I read this sequence, but my situation is somewhat different.

I got this message from my CA firewall this morning:

"CA Personal Firewall Security Alert
A new network adapter has been detected
RAS Async Adapter
(67.1.183.134) 
Note: placing a network into the safe zone allows others to access your shared personal files and printers.
What zone would you like to add the network to?
safe Restricted"

when I go to the control panal/system icon, I do not see a device manager tab. It says "system properties" on the window that comes up. There is a "device Manager" option under hardware. I looked under modems and network devices and scanned the rest of the list, and I cannot find a RAS Async Adapter. 

I did search under start/run/regedit, and it is listed as a driver description in the last class of HKEY-LOCAL-MACHINE/SYSTEM/control. It has eleven numbers under it. I don't know what that means. I do not dare to do anything in regedit, I only use it to research things. I am so in need of help. I feel like someone else is running my computer. 

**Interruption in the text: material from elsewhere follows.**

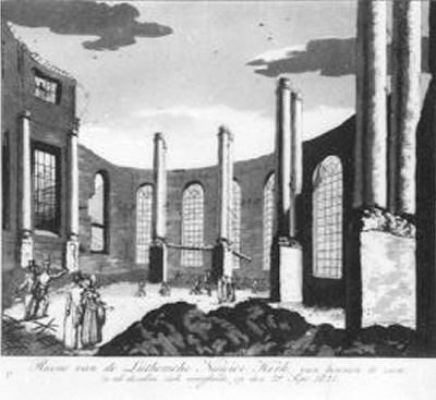 - Ruïne van de Luthersche Nieuwe Kerk van binnen te zien, zo als dezelve zich voorstelde op den 29 Sept: 1822, 1812 - 1832
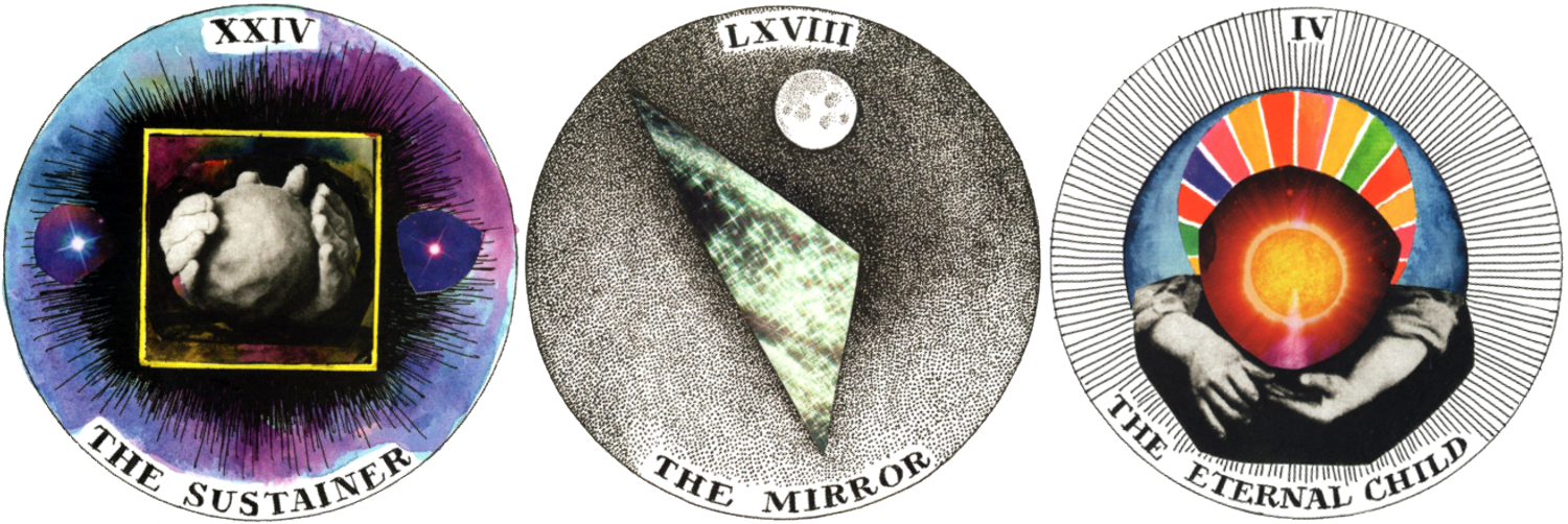 On their own, separated, The Sustainer and The Eternal Child can appear imbalance, but through The Mirror they see each other, they reflect inward and outward, and create the image of the eclipse. The energy or projection of said eclipse occurs more in the balance of the Shadow or the Dark Sun through The Creator and The Ring.

I did print off the screen with the message, I can fax it to you if you need it, but I have given you all of the text on it.


----------



## farstrider2001

this is how i found it. Follow these steps to view and remove these unnecessary device drivers:

Press [Windows]+[Break] to bring up the System Properties dialog box.

Select the Advanced tab and click the Environment Variables button.

Click the New button below the System Variables panel.

In the New System Variable dialog box, type devmgr_show_nonpresent_devices in the Variable Name text box and 1 in the Variable Value text box.

Click OK to return to the System Properties dialog box and then click OK again.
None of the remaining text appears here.